On python caching strategies

Posted by Katie McLaughlin on November 30, 2015

I had no idea that memoisation was a thing yesterday. Sure, I knew that a good idea was to save results for later, but I didn’t know about this concept.

What’s also nice is just how simple it was able to be implemented in Python[0].

In octohatrack, I have a number of functions that call out to various parts of the GitHub API. I refactored a bit of the underlying to make these calls take only a URI, and output only a parsed JSON blob.

From there, all that needed to be added was a @memoise function decorator, which I declared to be such:

from functools import wraps

cache = {}

def memoise(wrapped):
  def wrapper(*args, **kwargs):
    key = args[0]
    if key not in cache:
       cache[key] = wrapped(*args, **kwargs)
    return cache[key]

  return wrapper

Now as I understand it, what this enables is for a cache dict to store the results of any function calls with this dectorator. This is extremely useful for long-running processes, as this is all stored in memory.

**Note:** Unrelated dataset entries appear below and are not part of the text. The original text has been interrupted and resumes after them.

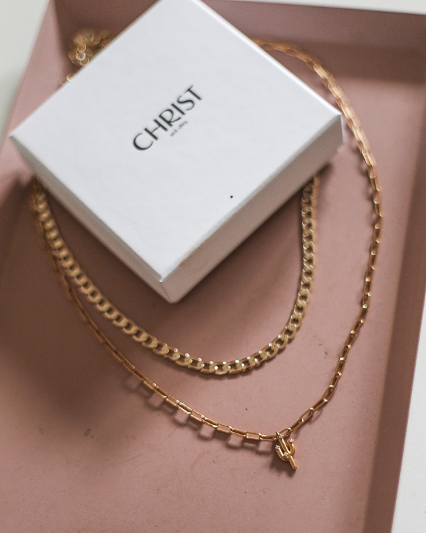 Du hast noch lauter filigranen Schmuck zu Hause? Versuche dich mal die Ketten mit einer Gliederkette zu kombinieren. Ich trage zu meiner Gliederkette eine weitere Kette von Christ. Es handelt sich um zarte bicolor Kette mit einem Zirkonia Steinchen.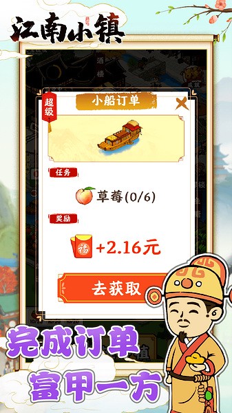 江南小镇是一款非常有趣的模拟经营手游,游戏里你可以体验到种田、养殖、开酒楼等各种玩法。画面很美,像是一个烟雨朦胧的江南水乡,让人感觉特别放松。游戏操作简单,轻轻一点就能完成种地、捕鱼这些任务,还能通过种植和养殖赚取现金红包。离线也能获得收益,上线后记得领取哦!
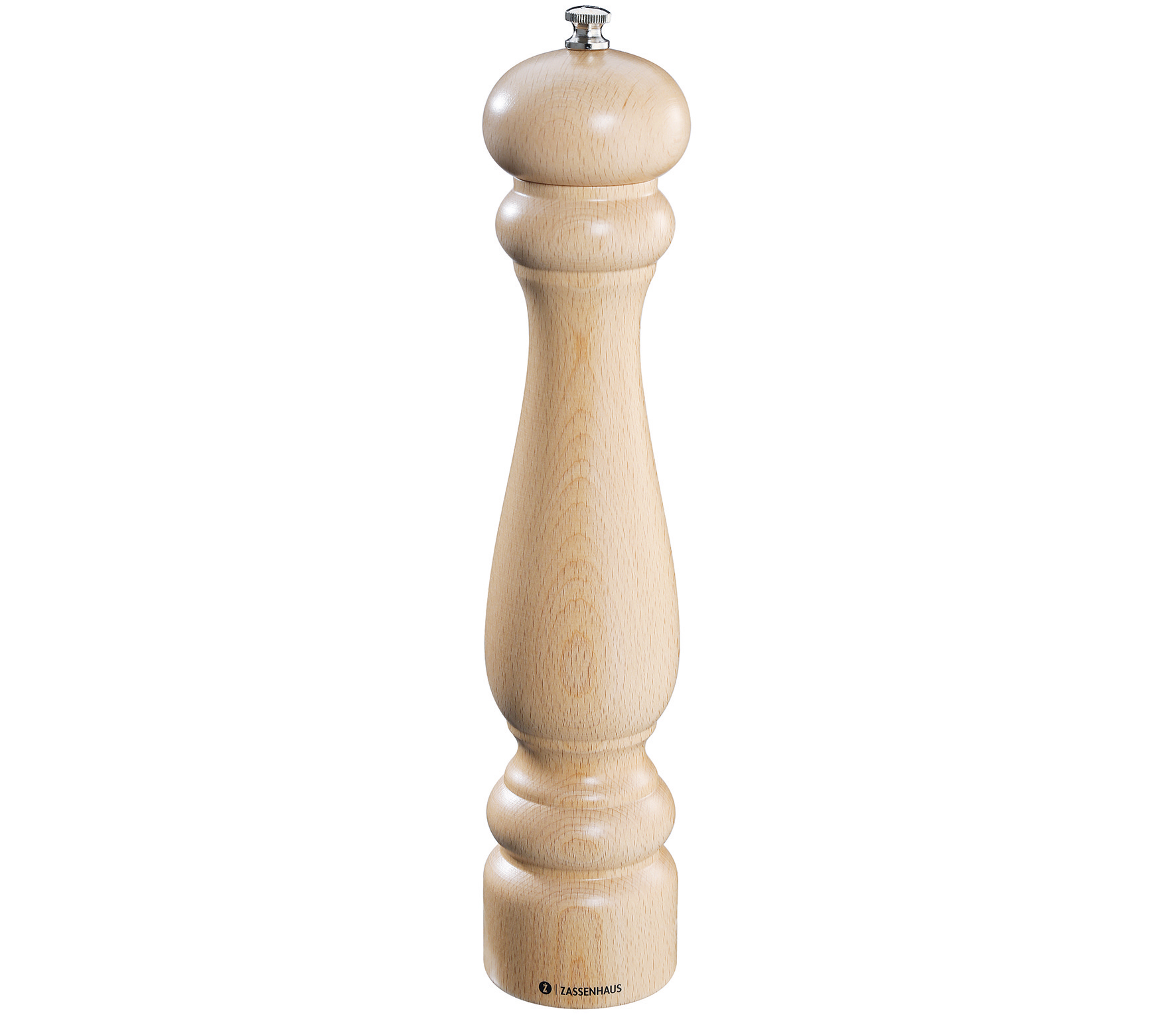 Die Mühlen der Serie POTSDAM von ZASSENHAUS sind ein echter Hingucker. Mit dem runden Knauf, dem gedrechselten Sockel und der taillierten Form erinnert besonders die 40 cm Varianten an die XXL-Modelle in italienischen Trattorien. Das Keramik-Mahlwerk hingegen ist Made in Germany. Es wird bei 1.700 °C gebrannt, ist immun gegen Korrosion und Verschleiß und härter als Stahl. Schwarzer, bunter oder weißer Pfeffer wird präzise gemahlen. Und zwar in sechs Einstellungen – von pulverfein (1) bis grob gemörsert (6). Den Mahlgrad stellen Sie auf der Skala am Mühlenboden ein, es sind übrigens auch Zwischenstufen möglich. Ihre Einstellung bleibt in jedem Fall exakt erhalten, auch wenn Sie die Mühle befüllen.

However, in the case of octohatrack, I run the script once and then it stops. My use case is to have the cache live longer than the memory allocation for the python process.

json.dump to the rescue!

I can’t hear yaml.load without it being in an American accent, but in this particular case, I’m using json.dump and json.load to export/import results from prior API calls without any validation (apart from “Is the cache file valid JSON?”. This is probably not the best idea in a web-client, or where the input of the JSON file is from untrusted sources.

But for the case of an isolated script running on a local file system, I’m sure it’s fine.

So what I do is run the json.load on the cache file when the program aunches. Simple enough. But on exit, there’s a fancy Python thing you can do:

import atexit

cache_file = "cache_file.json"

# Always run on exit
def save_cache():
  with open(cache_file, 'w') as f:
  json.dump(cache, f)


The save_cache() call will always be run on exiting the program, succesful or not. This means that if, say, the GitHub API rate-limiting kicks in, the program should dump what it got to file. Once the rate-limiting timeout expires, running the program again will not have to re-run the calls from the last iteration, since they will be stored in the cache file, and thus loaded into memory on start.

This should mean that octohatrack can finally do longer running calls where the amount of API calls required to process an entire GitHub repo exceeds the rate limit. Neat!

[0] - This is still an open Pull Request at the time of writing. If you can suggest any improvements, please do!